Viele sind das im Grunde jetzt schon, denn die „Kurzarbeit Null“ heißt nichts anderes als faktische Arbeitslosigkeit, auch wenn die betroffenen Menschen in keiner Statistik auftauchen. Nächstes Frühjahr, also im Jahr 2022, wenn die vielen Landtagswahlen und die Bundestagswahl gelaufen sind, droht diese Zahl richtig zu eskalieren.

Die Bus- und Branche als Teil der öffentlichen Daseinsvorsorge kann aber nicht einfach pleite gehen, nicht einfach zumachen, sie muss weiterexistieren, so wie ja auch die Polizei, die Feuerwehr oder die Krankenhäuser weiterexistieren müssen. Deshalb ist es jetzt notwendig, neben den Überbrückungsfinanzierungen branchenweit an die Zukunft zu denken.

Der Personalmangel ist hoch, also nehmt die Akquise jetzt in Angriff. Jetzt, wo die Menschen in der Kurzarbeit sind und sich Sorgen machen, bildet sie aus zu Lokomotivführern, Busfahrern, Tramfahrern, zu Mechatronikern in den Werkstätten und zu Kundenbetreuern in den Zügen, Bussen und Bahnen aus. Löst jetzt die Personalprobleme, denn jetzt ergibt sich die Möglichkeit.

Vielleicht sieht das in drei oder fünf Jahren ganz anders aus, wenn die zu erwartenden Konjunkturprogramme angeschlagen haben. Es ist an der Branche, der Politik für die vielen geforderten Rettungsschirme und Ausfallgelder auch etwas zu bieten und siehe da, es geht: Wir nehmen Euch die zu erwartenden Arbeitslosen ab. Natürlich kann man die öffentlichen Verkehrsmittel nicht als Auffangbecken nutzen, aber gut ausgebildete und hoch motivierte Leute, die jetzt bereit sind, sich beruflich umzuorientieren, die muss man auch jetzt gezielt ansprechen und ins Boot holen.
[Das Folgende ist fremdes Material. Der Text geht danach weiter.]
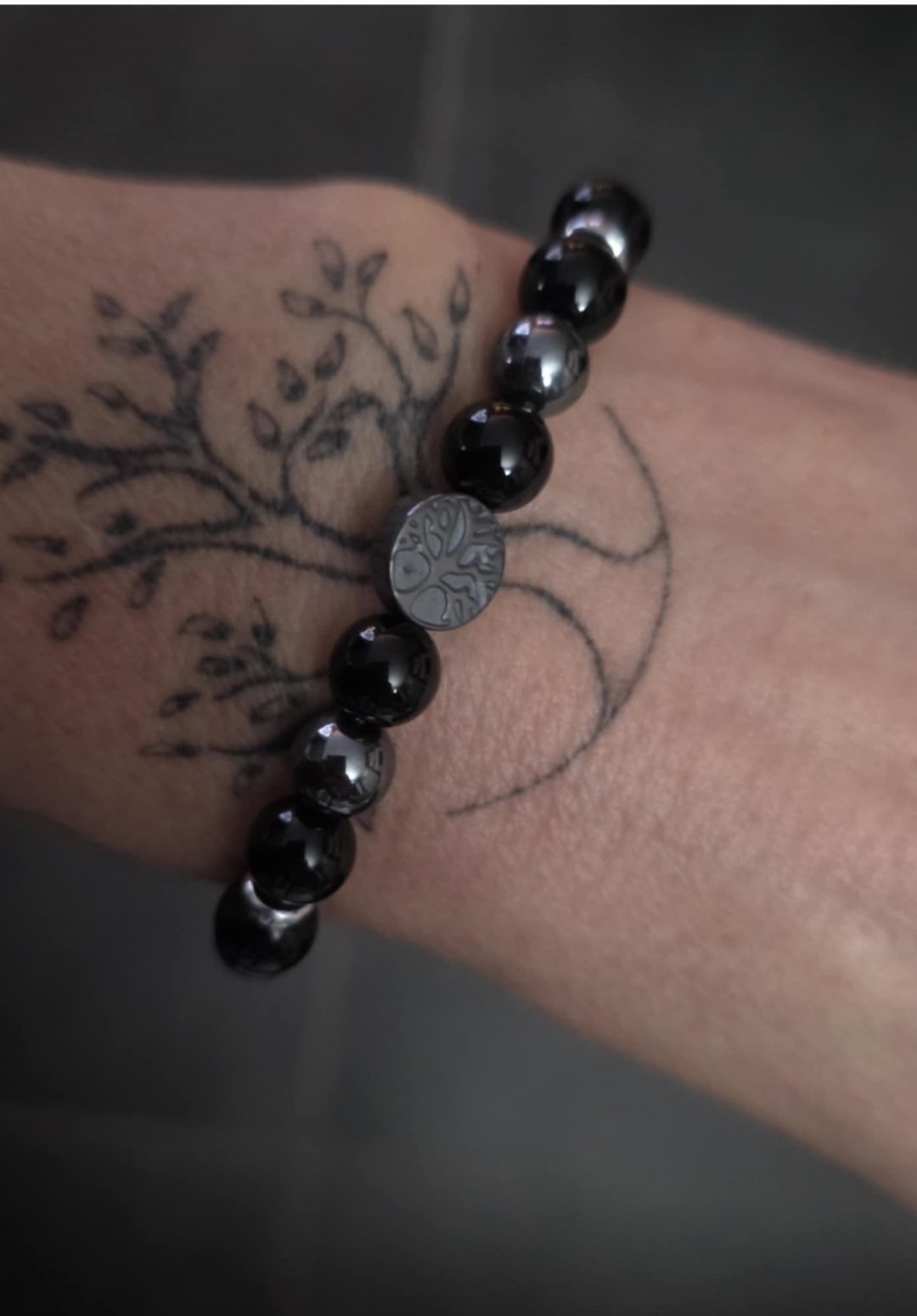 Bracelet perles noirs avec arbre de vieBracelet perles noirs avec arbre de vie

Dabei rede ich auch gar nicht spezifisch von einem Verkehrsunternehmen, von einer Region, sondern wirklich von der ganzen Branche. Jede Krise ist immer auch eine Chance, etwas neues anzufangen und sich selbst weiterzuentwickeln. Das gilt für die Branche wie für potentielle Arbeitnehmer, deshalb lasst uns alle diese Chance nutzen.